The 'Ideal Advisor' part would come in at the point where we handed this 'construed' volition a veridical copy of the original predictive model of the human. Thus, this new value system could still reliably predict the actual experiences and reactions of the original human, rather than falsely supposing that the actual human would react in the same way as the construed volition would.
So the construed volition would itself have some coherent utility function over experiences the original human could have - it would not see the human's current state as a huge loss relative to its own position, because it would no longer be evaluating gains and losses.
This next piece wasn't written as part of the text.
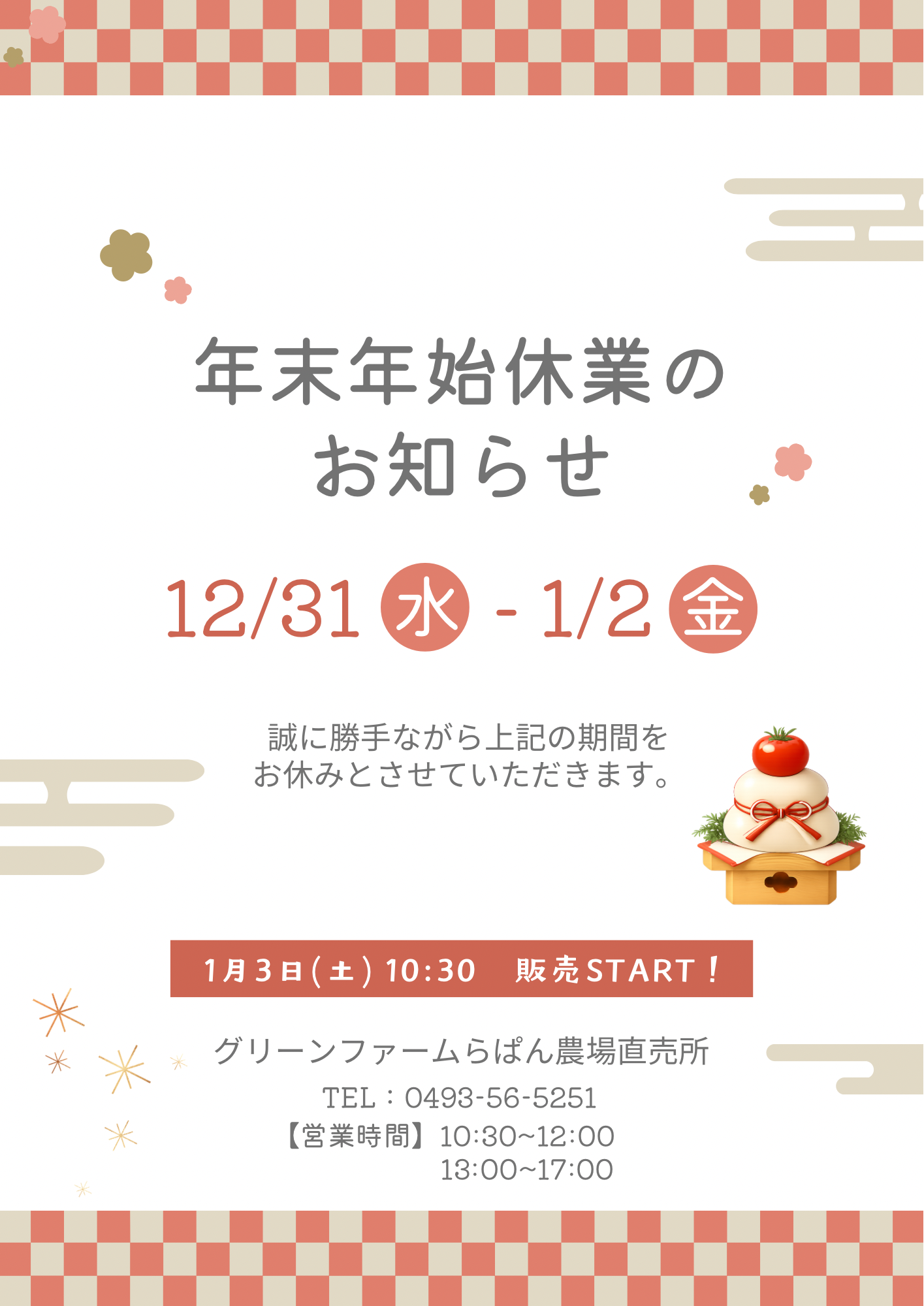 年末年始の直売所の営業についてお知らせいたします。

It would also correctly be able to evaluate that the original human would experience various life-improvements as large, joyful gains.
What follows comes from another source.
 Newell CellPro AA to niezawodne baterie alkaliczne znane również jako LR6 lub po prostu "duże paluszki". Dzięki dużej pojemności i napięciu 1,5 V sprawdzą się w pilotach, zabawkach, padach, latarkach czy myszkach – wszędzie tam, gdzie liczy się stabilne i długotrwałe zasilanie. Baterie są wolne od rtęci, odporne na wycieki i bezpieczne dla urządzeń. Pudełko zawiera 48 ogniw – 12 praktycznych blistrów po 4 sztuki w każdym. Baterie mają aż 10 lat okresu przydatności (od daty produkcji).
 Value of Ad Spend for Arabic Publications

So Sobel's fourth objection would probably not arise if the process of construing a volition proceeded in that particular fashion, which in turn is not ad-hoc since positional evaluation was already a large source of inconsistency that would have to be transformed into a coherent utility function somehow, and likewise giving the idealized process veridical knowledge of the original human is a basic paradigm of volition (the whole Ideal Advisor setup).
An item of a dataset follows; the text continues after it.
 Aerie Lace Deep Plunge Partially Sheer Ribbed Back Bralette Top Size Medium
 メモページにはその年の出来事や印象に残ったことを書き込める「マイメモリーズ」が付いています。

Sobel's third objection and second objection seem to revolve around how a construed volition operates over its (abstract) model of possible life experiences that could occur to the original human. (This model had better be abstract! We don't want to inadvertently create people by simulating them in full detail during the process of deciding whether or not to create them.) Suppose we have a construed volition with a coherent utility function, looking over a set of lives that the original human might experience. The amnesia problem is already dissipated if we can pull off this setup; the construed volition does not forget anything. The second problem - the supposed impossibility of choosing between two lives correctly, without actually having led both, but the prospect of leading both introducing an ordering effect - gets us into much thornier territory. Let's first note that it's not obvious that the correct judgment is the one you'd make if you'd actually led a certain life, e.g., heroin!addict!Eliezer thinks that heroin is an absolutely great idea, but I don't want my volition to be construed such that its knowledge of that this overpowering psychological motivation would counterfactually result from heroin addiction, would actually constitute a reason to feed me heroin. I think this points in the direction of an Ideal Advisor ethics wherein construing a volition looks more like modeling how my current values judge future experiences, including my current values over having new desires being fulfilled, more than it points toward construing my volition to have direct empathy with future selves i.e. translation of their own psychological impulses into volitional impetuses of equal strength. This doesn't so much deal with Sobel's second objection as pack it into the problem of construing a volition that shows an analogue of my care for my own (and others') future selves without experiencing 'direct empathy' or direct translation of forceful desires. We're also dancing around the difficulty of having a construed volition which has values over predicted conscious experiences without that volition itself being a bearer of conscious experiences, mostly because I still don't have any good idea of how to solve that one. Resolving consciousness to be less mysterious hasn't yet helped me much on figuring out how to accurately model things getting wet without modeling any water.
Sobel's first problem was a to-do in CEV since day one (the original essay proposed evaluating a spread of possibilities) and I'm willing to point to Bostrom's parliament as the best model yet offered. There's no such thing as "too many voices", just the number of voices you can manage to model on available hardware.